Dennis Yates Wheatley (1897-1977) was an English author whose prolific output of stylish thrillers and occult novels made him one of the world's best-selling writers from the 1930s through the 1960s. His Gregory Sallust series was one of the main inspirations for Ian Fleming's James Bond stories.
Born in South London, he was the eldest of three children of an upper-middle-class family, the owners of Wheatley & Son of Mayfair, a wine business. He admitted to little aptitude for schooling, and was expelled from Dulwich College. Soon after his expulsion Wheatley became a British Merchant Navy officer cadet on the training ship HMS Worcester. During the Second World War, Wheatley was a member of the London Controlling Section, which secretly coordinated strategic military deception and cover plans. His literary talents gained him employment with planning staffs for the War Office. He wrote numerous papers for the War Office, including suggestions for dealing with a German invasion of Britain. During his life, he wrote more than 70 books which sold over 50 million copies.
Before the vogue of apocalyptic fiction really took off, in 1932 Dennis Wheatley researched and imagined a party of would-be survivors in the glow of a pending comet on course to collide with planet earth.
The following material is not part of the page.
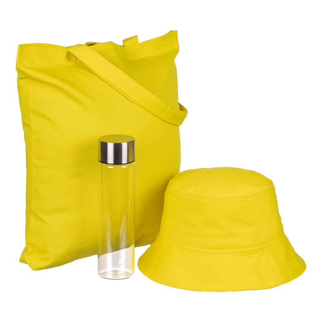 бутылка - пластик, металл, панама - хлопок 100%, пластик, сумка - хлопок 100%, хлопок 100%
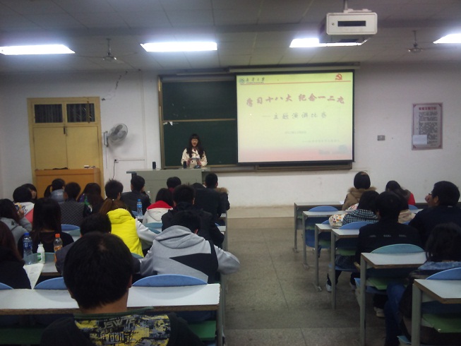 扬革命旗帜,忆峥嵘岁月。为纪念“一二九”学生运动七十七周年,庆祝中国共产党第十八次全国人民代表大会的胜利召开,2012年12月8号晚上7:30,数理学院学习宣传贯彻党的十八大精神、纪念“一二九”运动七十七周年演讲比赛在9-101教室隆重举行。数理学院10级、11级、12级全体同学参加了此次活动,比赛的评委由学工室陈艳老师、学生会主席孙勇、学生会副主席张建楠、学习部部长李宏波担任。

Astronomers could see it coming, civilians could slowly feel the effect of its rays tuning into their baser violent or passionate instincts, but what action would the government take amongst the rumours in such uncertainty? Evacuate the cities under martial law and risk national panic and chaos, or simply deny knowledge to maintain order in the hope that scientific predictions would prove false?
For millionaire Sam Curry, and his young wife and Hollywood starlet, Lavina, on learning of the prediction that they may have only sixty days to enjoy their new marriage, money is no object in taking measures to ensure their survival. Over dinner with a select group of family and friends, they decide a gyroscopic ark may see them through any eventualities, and go about ordering in materials without raising suspicion, and trying to live a normal life until the potential moment of impact grew near. But could they all be trusted to keep themselves and the ark safe from a nation already starting to panic, loot and riot?
And if they are to survive, what state will the planet be left in? Will the millions of corpses decay into airborne disease that would wipe out anyone left? Where and how will they settle to create a new civilisation? When nothing is certain and nothing remains, will any of the survivors be able to survive each other?